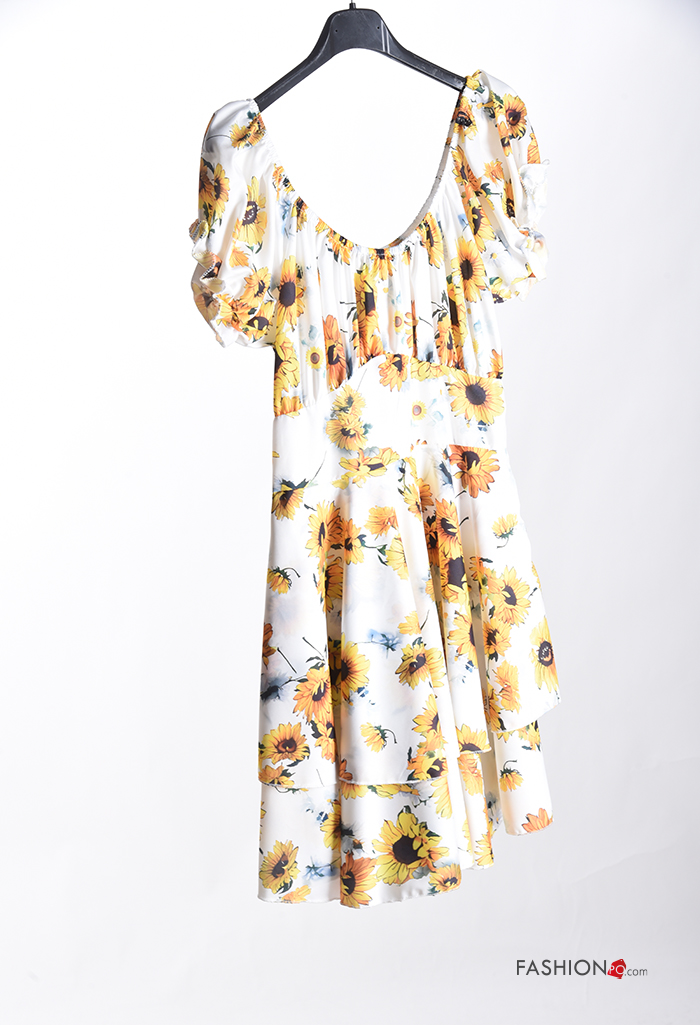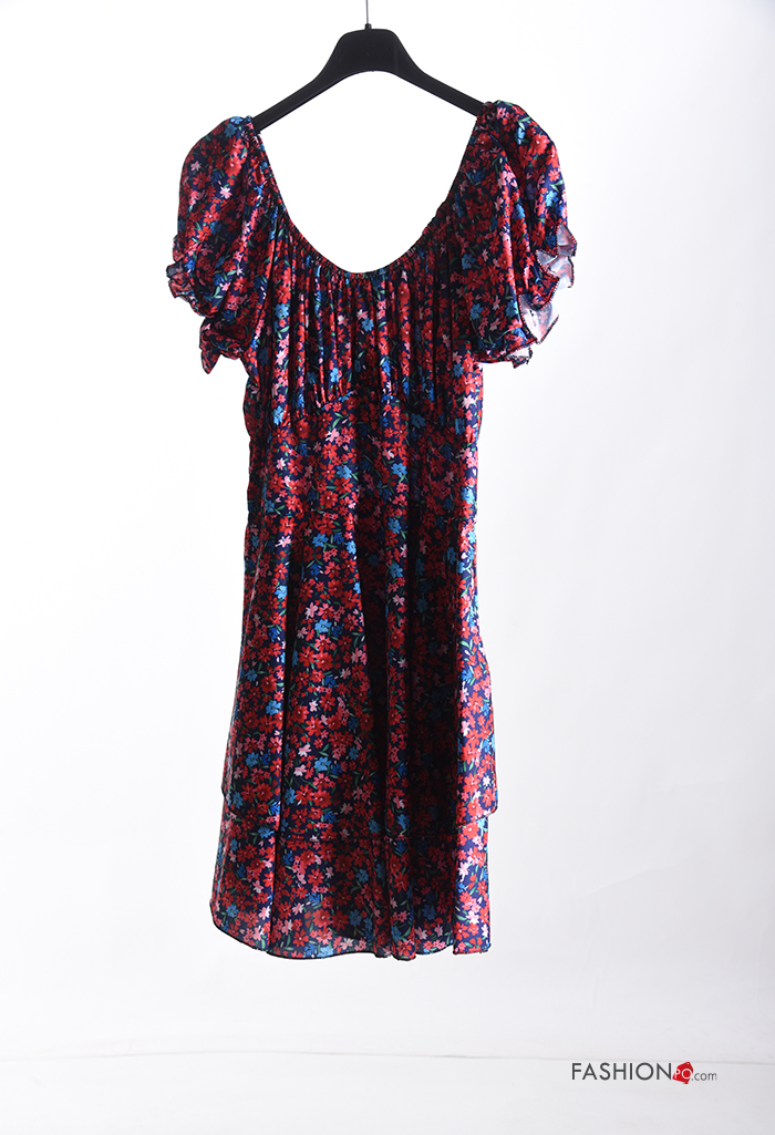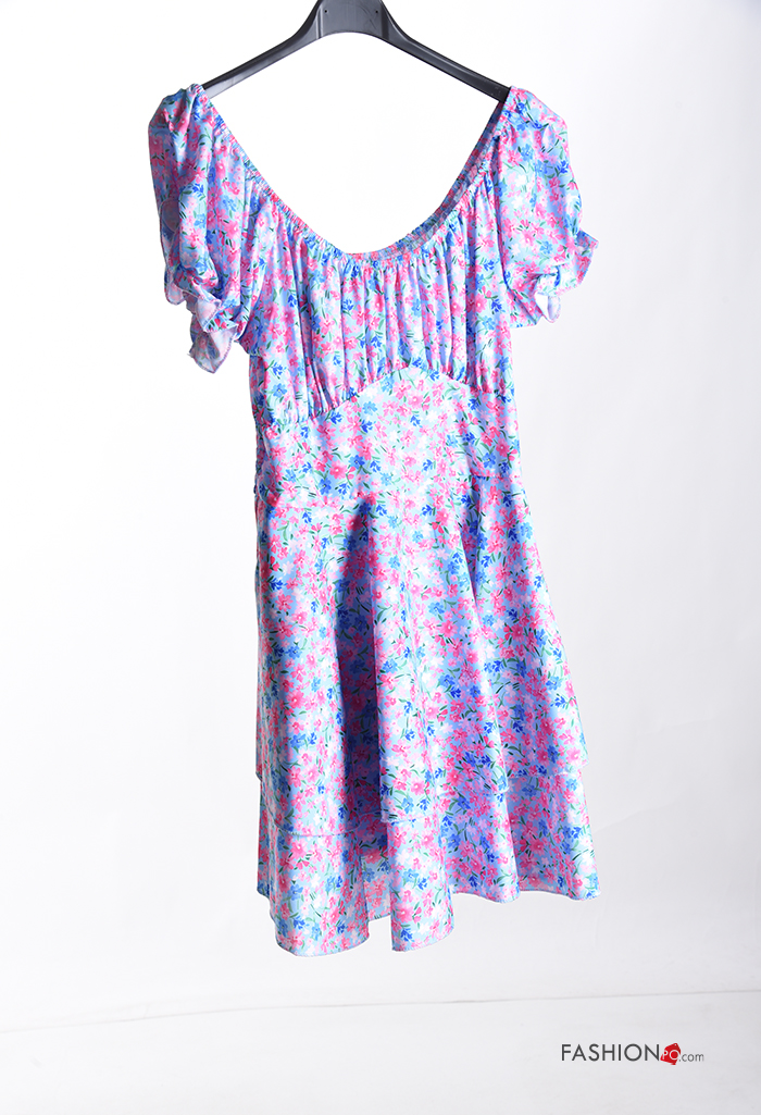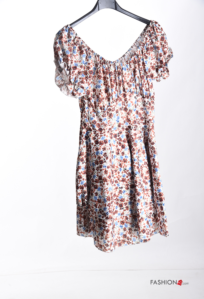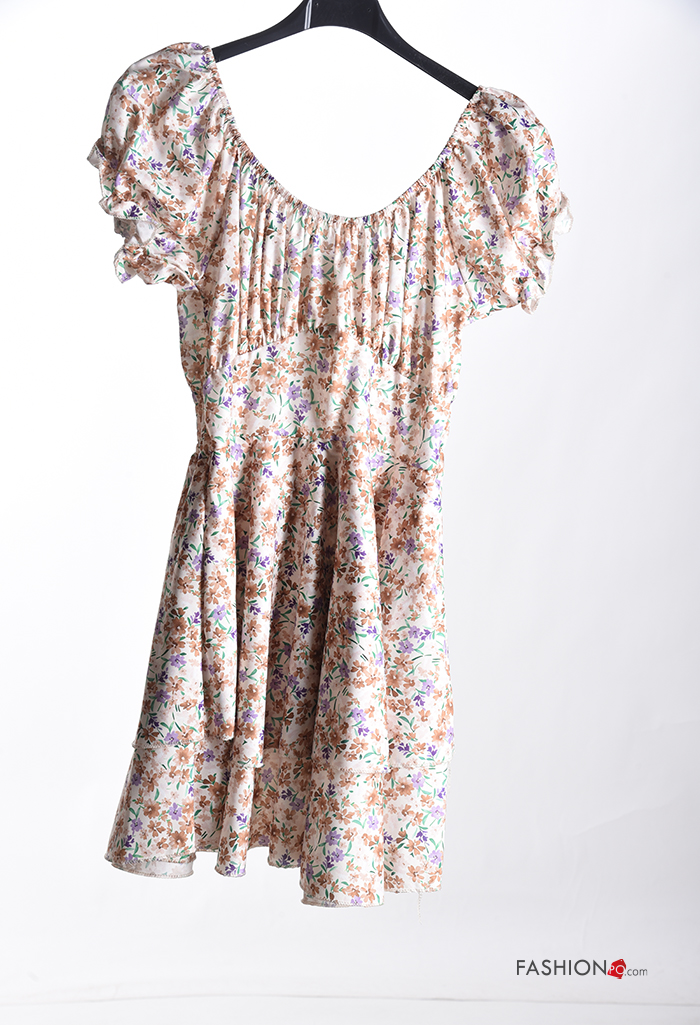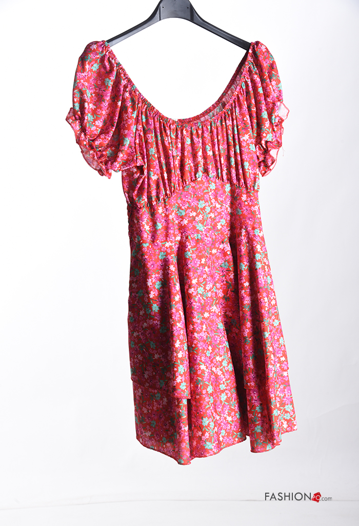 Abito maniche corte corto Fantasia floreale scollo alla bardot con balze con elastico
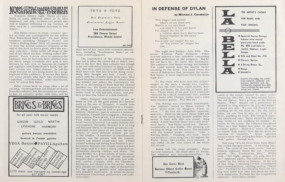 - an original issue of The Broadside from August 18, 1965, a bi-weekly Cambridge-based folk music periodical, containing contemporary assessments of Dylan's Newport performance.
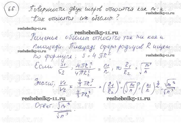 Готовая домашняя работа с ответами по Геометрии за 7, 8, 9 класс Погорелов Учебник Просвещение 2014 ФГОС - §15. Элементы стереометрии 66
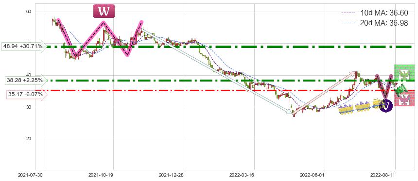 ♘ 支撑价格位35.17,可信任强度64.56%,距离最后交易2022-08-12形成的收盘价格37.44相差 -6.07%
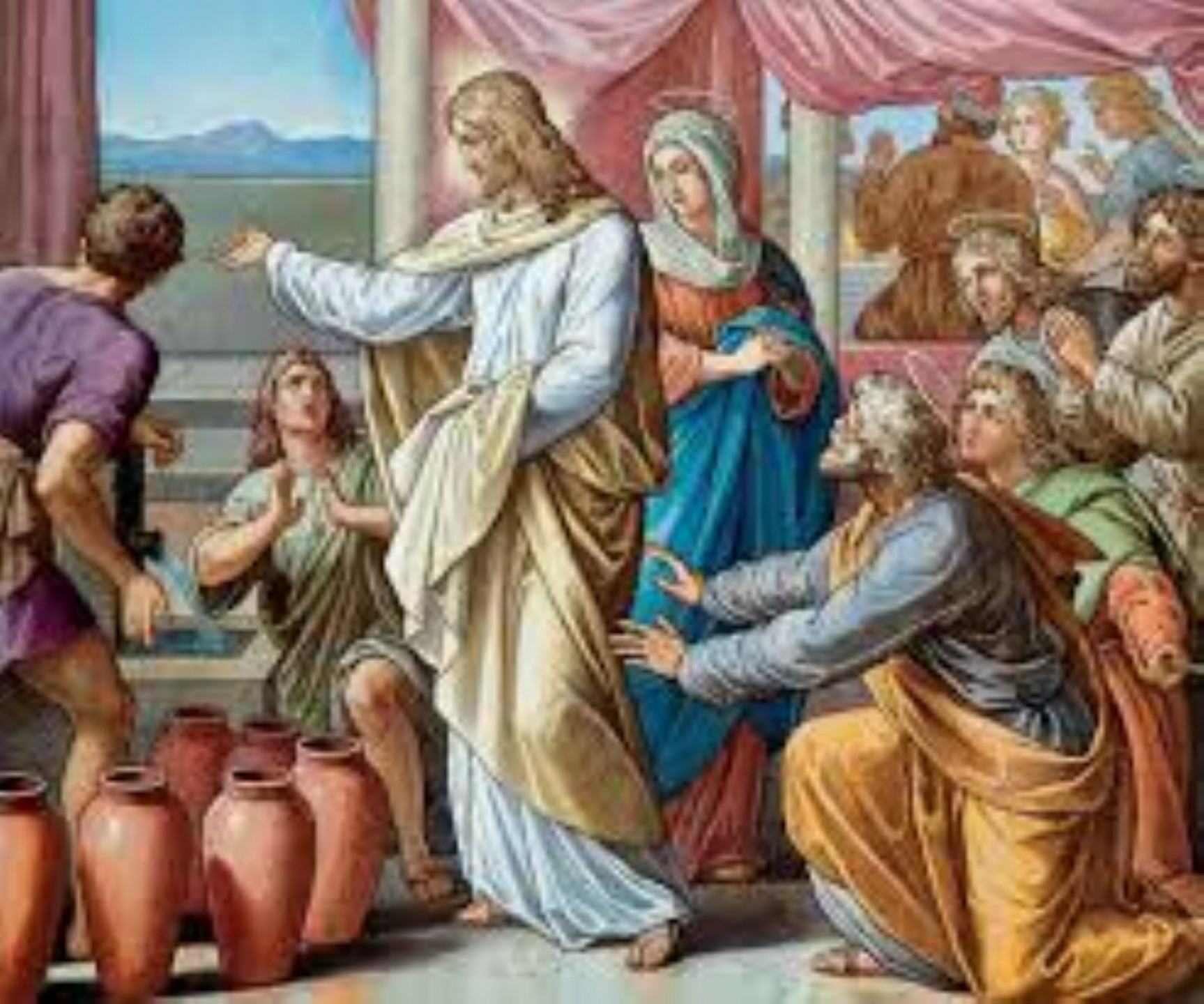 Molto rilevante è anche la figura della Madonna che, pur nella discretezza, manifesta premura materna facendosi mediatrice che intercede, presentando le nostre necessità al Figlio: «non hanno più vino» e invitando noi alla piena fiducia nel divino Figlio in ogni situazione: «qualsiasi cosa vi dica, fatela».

Task brief |
From the material above, copy everything exactly but the pictures.

Output |
 Abito maniche corte corto Fantasia floreale scollo alla bardot con balze con elastico
 - an original issue of The Broadside from August 18, 1965, a bi-weekly Cambridge-based folk music periodical, containing contemporary assessments of Dylan's Newport performance.
 Готовая домашняя работа с ответами по Геометрии за 7, 8, 9 класс Погорелов Учебник Просвещение 2014 ФГОС - §15. Элементы стереометрии 66
 ♘ 支撑价格位35.17,可信任强度64.56%,距离最后交易2022-08-12形成的收盘价格37.44相差 -6.07%
 Molto rilevante è anche la figura della Madonna che, pur nella discretezza, manifesta premura materna facendosi mediatrice che intercede, presentando le nostre necessità al Figlio: «non hanno più vino» e invitando noi alla piena fiducia nel divino Figlio in ogni situazione: «qualsiasi cosa vi dica, fatela».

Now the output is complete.